- Data excerpt -
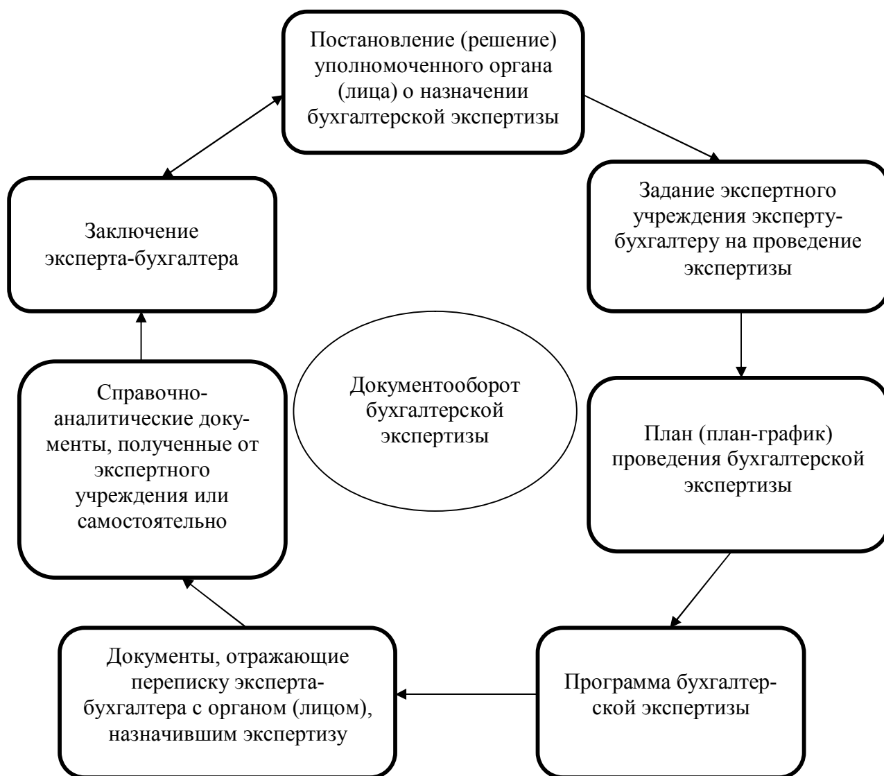
Рисунок 3 – Схема документооборота экспертной бухгалтерской деятельности

На основе анализа различных научных источников и существующей практики была разработана схема документооборота бухгалтерской экспертизы, отражающая порядок движения экспертных документов с момента их получения (оформления) до реализации в экспертном заключении. Разработанная схема позволяет упорядочить документационное обеспечение экспертной бухгалтерской работы и информационный обмен в процессе осуществления экспертной деятельности.
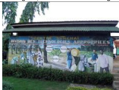
8. Fresque murale, située à l'entrée de Songhaï, du côté de l'atelier mécanique
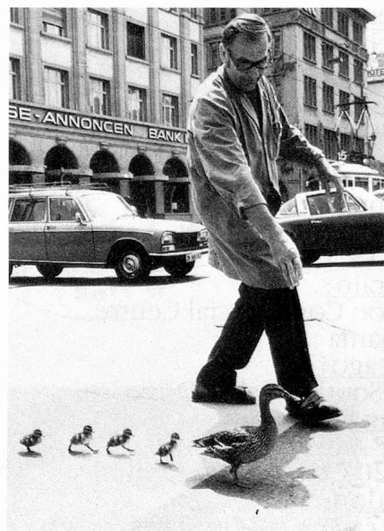
Wir wünschen allen Lesern einen reibungslosen Übergang ins 1979, wie dies die Entenfamilie an den Ufern der Limmat in Zürich demonstriert.

- How to complete this task -
A single number is expected: how many lines of the data hold the string "экспертной".

- Answer to this exercise -
2